I tried already to play around with some calculations like the one from the Firebase example project (also UIKit) but the results were all the same - the images were all too small. I hope, that someone has an idea.

@eszter Thank you for sharing your solution - much appreciated!

This is how i changed the foreach loop

Image(uiImage: uiimage!).resizable().scaledToFit().overlay(
GeometryReader{ (geometry: GeometryProxy) in
ForEach(self.blocks , id: .self){ (block:VisionTextBlock) in
Rectangle().path(in: block.frame.applying(self.transformMatrix(geometry: geometry, image: self.uiimage!))).stroke(Color.purple, lineWidth: 2.0)
}
}

        )

Instead of passing the x, y, width and height, I am passing the return value from transformMatrix function to the path function.
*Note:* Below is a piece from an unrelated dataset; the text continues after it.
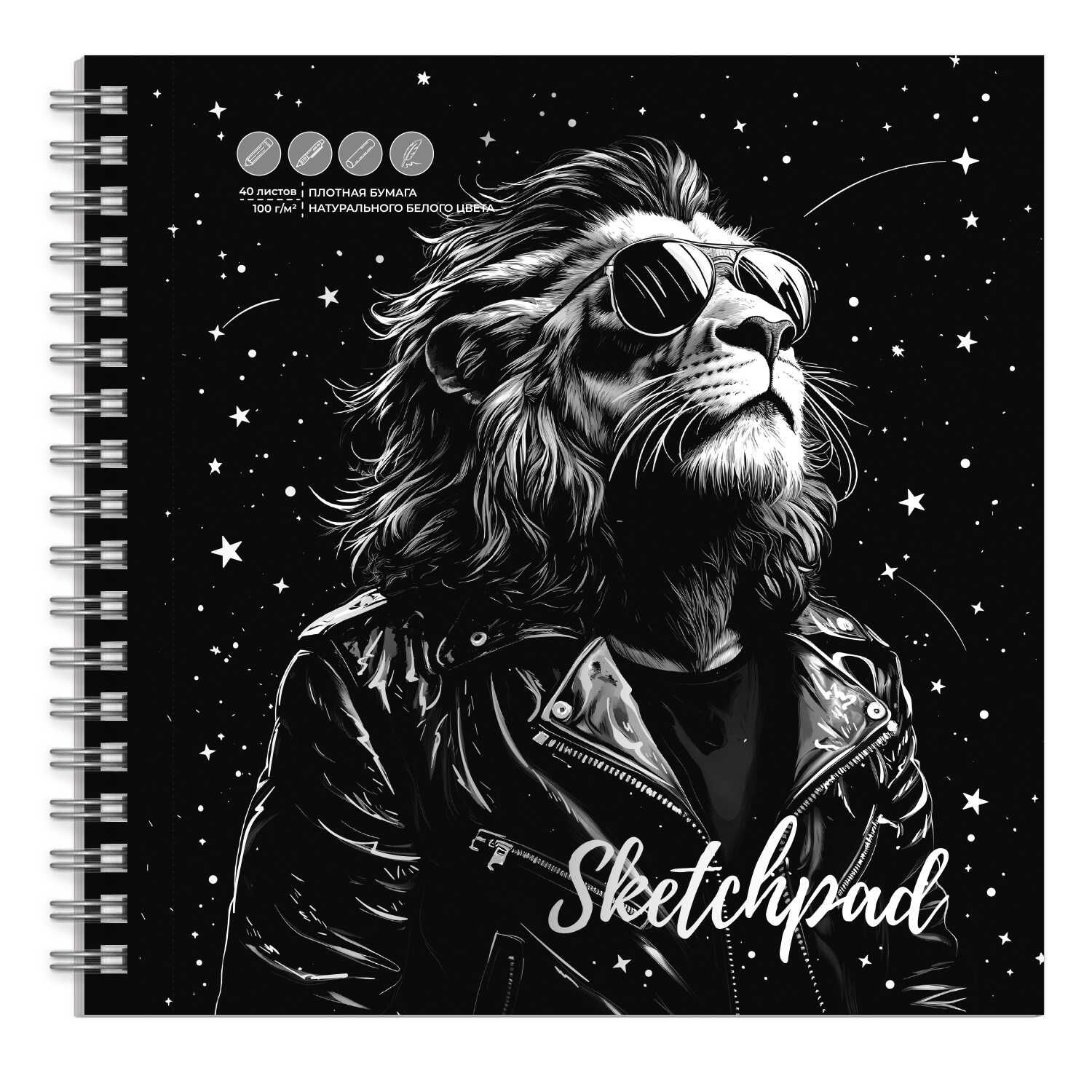 Скетчпад 195*195мм 40л., гребень, 100гр/м2 "Лев"

My transformMatrix function is

private func transformMatrix(geometry:GeometryProxy, image:UIImage) -> CGAffineTransform {

  let imageViewWidth = geometry.size.width
  let imageViewHeight = geometry.size.height
  let imageWidth = image.size.width
  let imageHeight = image.size.height

  let imageViewAspectRatio = imageViewWidth / imageViewHeight
  let imageAspectRatio = imageWidth / imageHeight
  let scale = (imageViewAspectRatio > imageAspectRatio) ?
    imageViewHeight / imageHeight :
    imageViewWidth / imageWidth

  // Image view's `contentMode` is `scaleAspectFit`, which scales the image to fit the size of the
  // image view by maintaining the aspect ratio. Multiple by `scale` to get image's original size.
  let scaledImageWidth = imageWidth * scale
  let scaledImageHeight = imageHeight * scale
  let xValue = (imageViewWidth - scaledImageWidth) / CGFloat(2.0)
  let yValue = (imageViewHeight - scaledImageHeight) / CGFloat(2.0)

  var transform = CGAffineTransform.identity.translatedBy(x: xValue, y: yValue)
  transform = transform.scaledBy(x: scale, y: scale)
  return transform
}

}